Plusieurs études ont été entamées afin de découvrir si la protéine E2 des papillomavirus était en mesure d’influencer directement l’activité transcriptionnelle des gènes cellulaires. Entre autre, une équipe a analysé si la protéine E2 du VPB1 s’associait à des régions spécifiques des chromosomes humains. Ils ont faiblement exprimé la protéine E2 dans la lignée cellulaire C33A (cellules du col utérin) pour ensuite, effectuer une immunoprécipitation de la chromatine suivi d’une hybridation sur des puces d’ADN (chIP- Chip) contenant les régions promotrices de 23000 gènes. Ils conclurent que la protéine E2 lie les régions transcriptionnellement actives, sans toutefois influencer le niveau de

transcription ainsi que le recrutement des autres facteurs de transcription (Jang et al., 2009). Aussi, cette même étude a observé la présence simultanée de la protéine E2 et du facteur cellulaire Brd4 dans les régions promotrices. Étant donné l’absence d’activité transcriptionnelle, ils conclurent que cette interaction entre E2 et Brd4 au sein des promoteurs actifs assure que le génome viral est retenu dans les domaines actifs du noyau afin d’échapper à la répression génique (Jang et al., 2009). Une autre étude a analysé la présence et la fonctionnalité des sites de liaison par la protéine E2 du VPH11 (E2BS) au sein du génome humain. Leurs études informatiques ont indiqué que la plupart des sites sont retrouvés dans les régions répétées du génome et que leur séquence espaceur (N dans ACCgNNNNcGGT) est composée surtout de guanines et de cytosines (G et C) plutôt que des adénines et des thymines (Vosa et al., 2012). En utilisant E2 du VPH11 afin d’immunoprécipiter la chromatine, ils ont pu déterminer eux aussi, que E2 s’associait au niveau des régions transcriptionnellement actives de la chromatine. Par contre, cette liaison ne présentait que très peu ou pas d’effet sur la transcription des gènes cellulaires.
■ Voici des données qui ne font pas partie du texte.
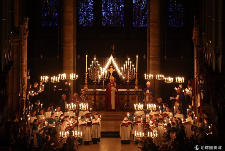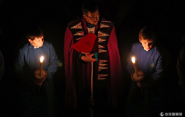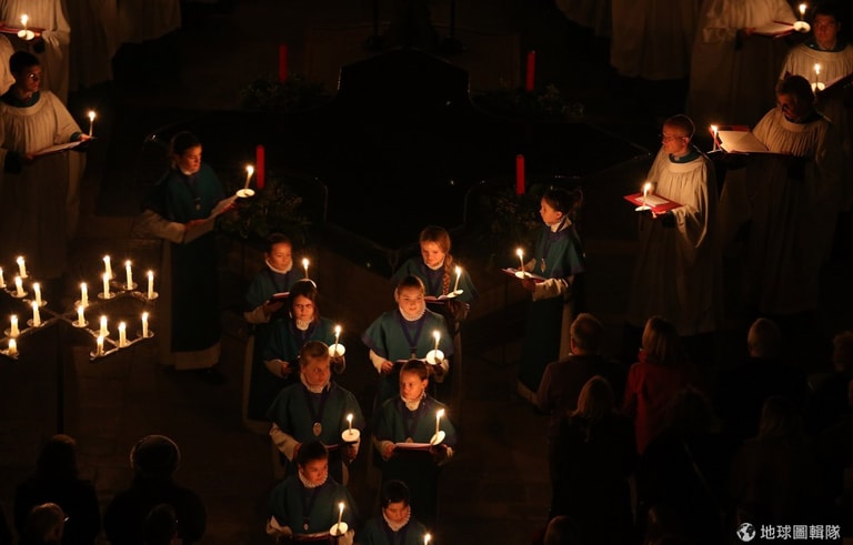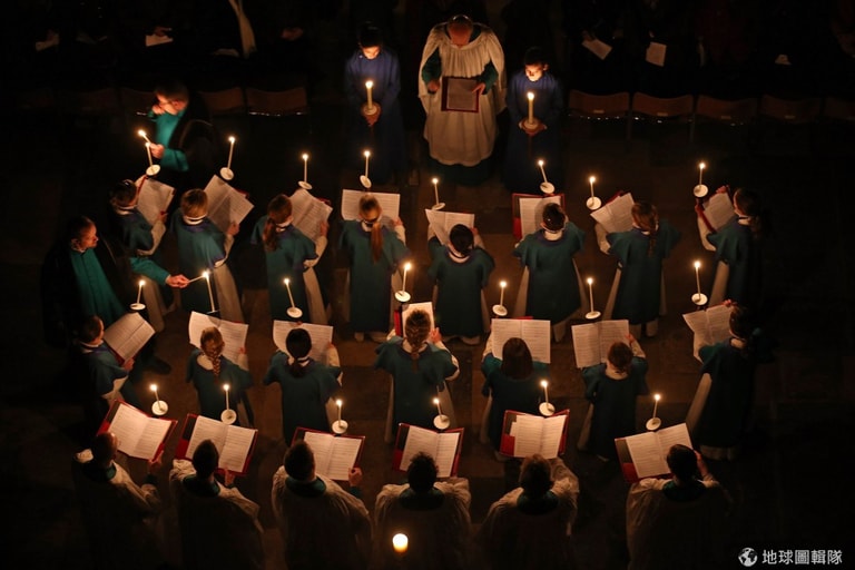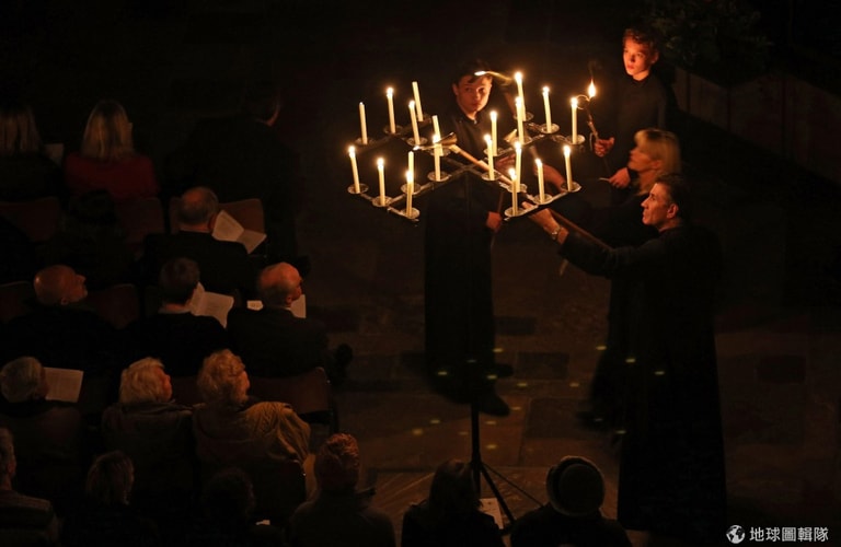 點點燭光亮起的時候,拿著燭火的合唱團也會開始在教堂內行走,傳遞光芒。圖片來源:Matt Cardy/Getty Images

Ils conclurent que la préférence de E2 pour un domaine espaceur riche en adénines et thymines, assurait une liaison spécifique au génome viral plutôt qu’à l’ADN cellulaire empêchant ainsi, des changements importants dans la transcription des gènes cellulaires en réponse à la protéine virale (Vosa et al., 2012). Une autre analyse, a remarqué que le niveau d’interleukine-10 (IL-10) exprimé dans les cellules de l’épithélium du col utérin de patientes atteintes de dysplasie, était anormalement élevé comparativement à celui des cellules du col de l’utérus normal (Bermudez-Morales et al., 2008; Clerici et al., 1997; Diaz-Benitez et al., 2009; El-Sherif et al., 2001). Aussi, l’expression d’IL-10 est directement reliée au degré de sévérité des lésions utérines associées à une infection au VPH (Clerici et al., 1997). Ces indications suggèrent que l’IL-10 est produite par les cellules de l’épithélium du col utérin en réponse à une infection au VPH ou par l’entremise des protéines virales. Des analyses de la région régulatrice de l’IL-10 ont montré qu’en plus des sites de liaison de facteurs de transcription cellulaire, il y avait la présence d’un site de liaison par la protéine E2 des VPH (Kube et al., 1995). Récemment, une équipe a démontré

par retard sur gel que la protéine E2 du VPH s’associe à ce site dans la région de contrôle de l’IL-10 et que cette interaction résulte à une augmentation de l’activité transcriptionnelle. De plus, la présence de E2 dans les cellules épithéliales du col de l’utérus induit une production du transcrit en ARNm de l’IL-10. Cette étude suggère que la protéine E2 serait responsable de l’augmentation de l’IL-10 dans les cellules infectées afin de créer un environnement privé d’une réponse immunitaire locale, un des rôles associés à l’IL-10 (Bermudez-Morales et al., 2011). De la même façon, la protéine E2 du VPH8 active la transcription du promoteur de la métalloprotéinase-9 de la matrice des kératynocytes humains (MMP9), une composante associée à la croissance tumorale des cancers de la peau (Akgul et al., 2011).